This service takes an unaligned protein domain sequence and returns the most likely protein family from the ~18,000 families in Pfam-32.0.
A protein family is a group of proteins which share function and evolutionary origin. These similarities are reflected in their sequence similarity, i.e. their conservation in primary structure (amino acid sequence).

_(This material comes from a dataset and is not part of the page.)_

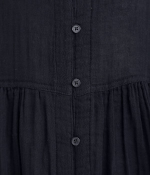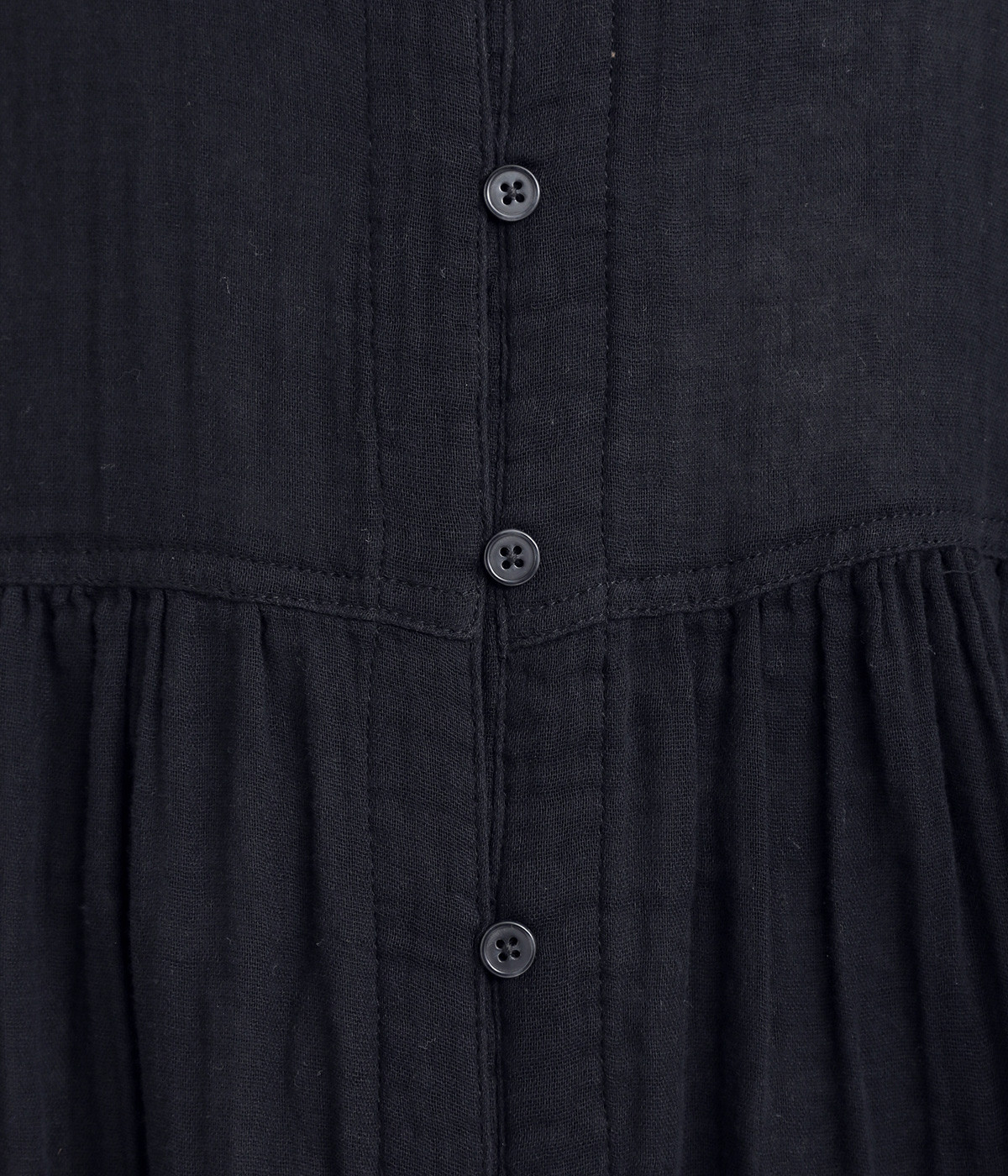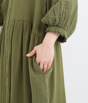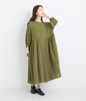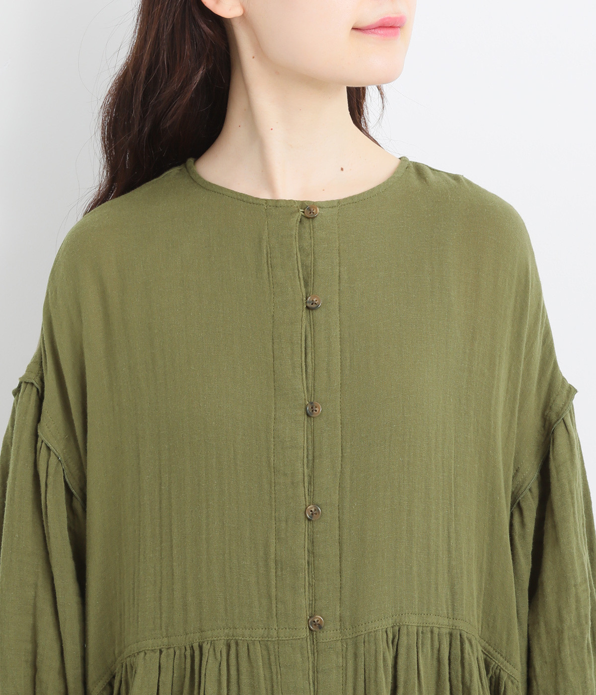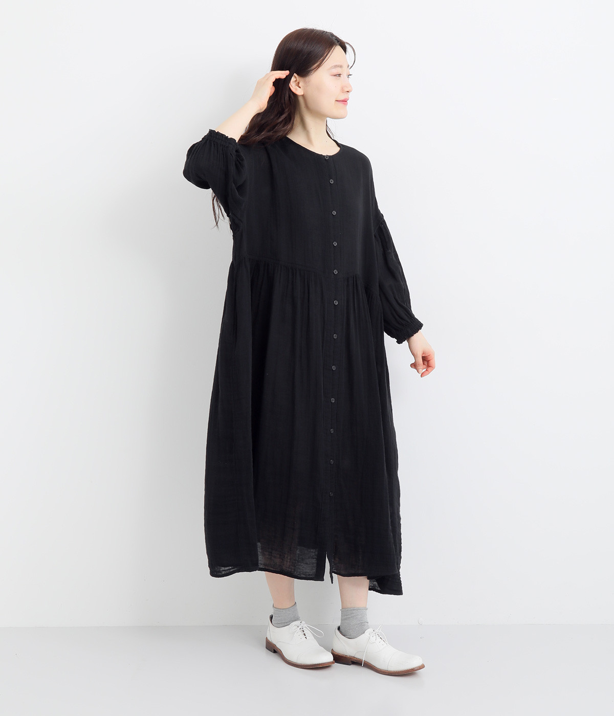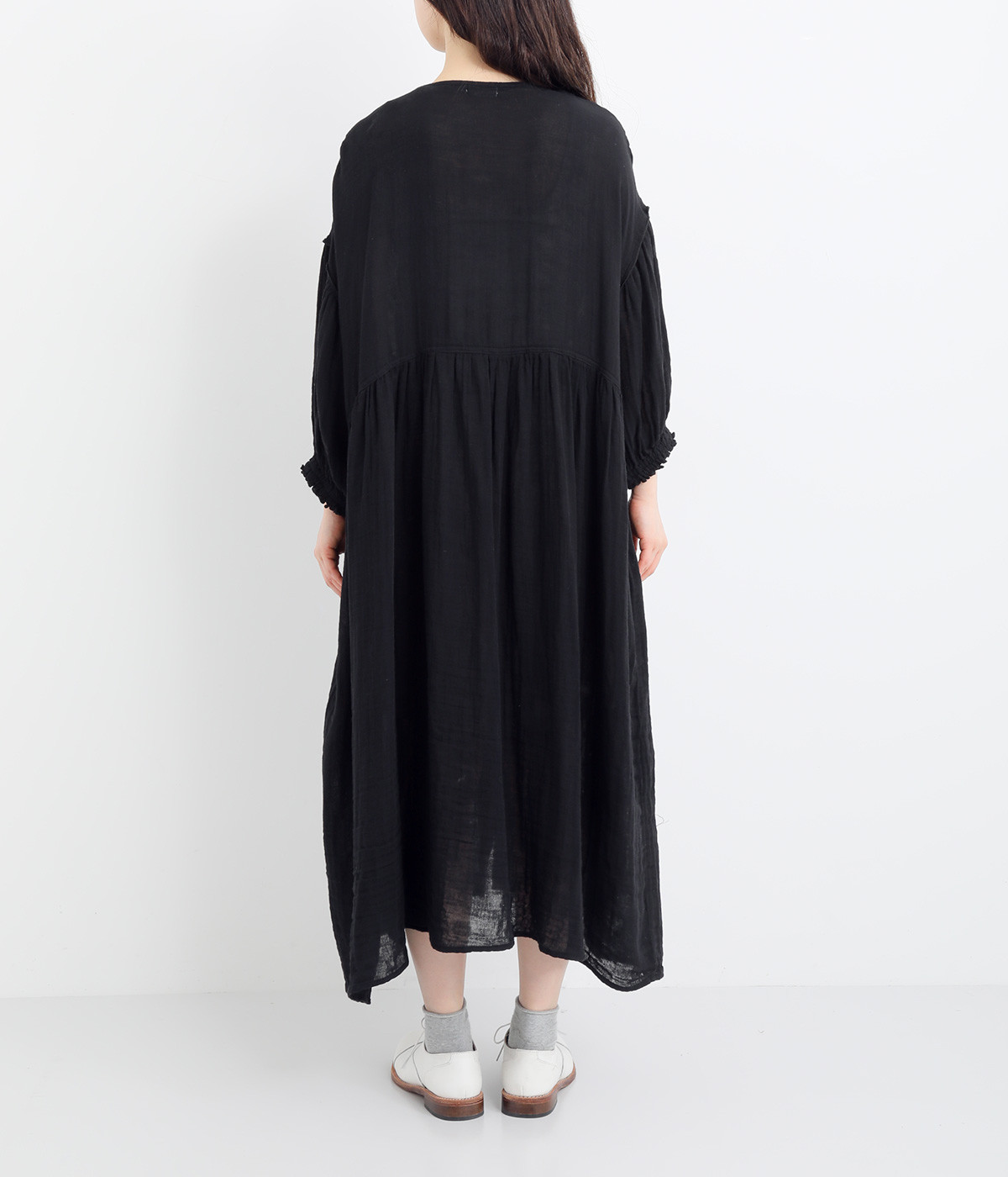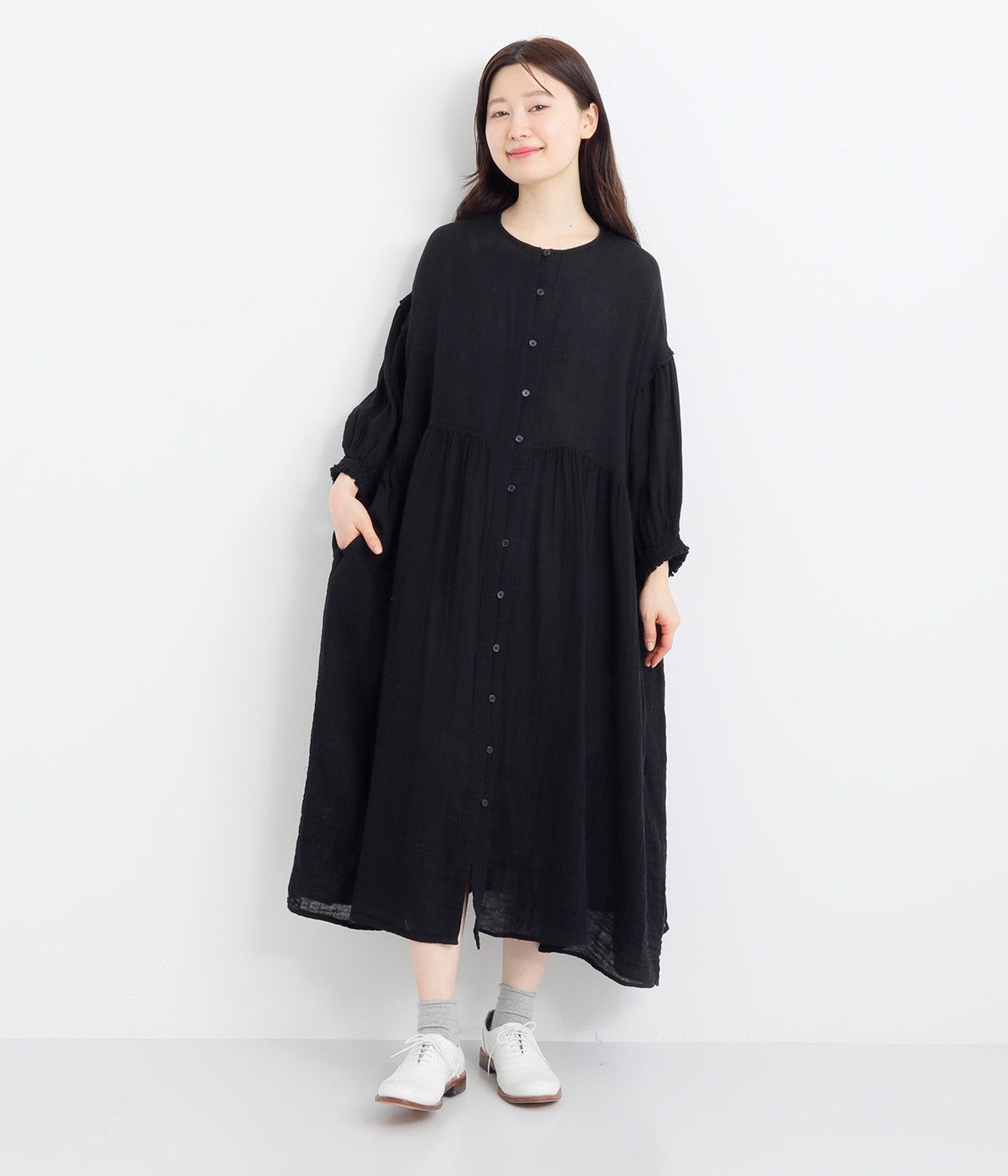 ウエスト切り替え下にギャザーをたっぷりと入れて生地の持つ風合いを活かしたワンピースです。立体感のあるバルーンスリーブは袖口ゴムシャーリングでメリハリをつけました。前をあけた羽織りスタイルもおすすめです。

The project implements a slimmed down version of the ProtCNN
model proposed by Bileschi et al. [1] using Flax [2]. The
model was trained using the pfam-seed-random-split
dataset, either available in raw form from
Kaggle or in preprocessed format using:
FILENAME=pfam-seed-random-split.tar.gz
gsutil cp gs://protein-classification-service/$FILENAME data/ && \
tar -xvf data/$FILENAME -C data/
The preprocessing scripts can be found on the dev
branch of this repo (scripts/reformat-pfam-dataset.sh
+
raw_data_to_jax_arrays.py
). The Python script pads and tokenizes the unaligned protein sequences and casts the string
accession codes to class indexes. These arrays are then stored in .npy
format for faster load times for training. The
preprocessed data available through Google Cloud (see above) also comes with the relevant token and label maps.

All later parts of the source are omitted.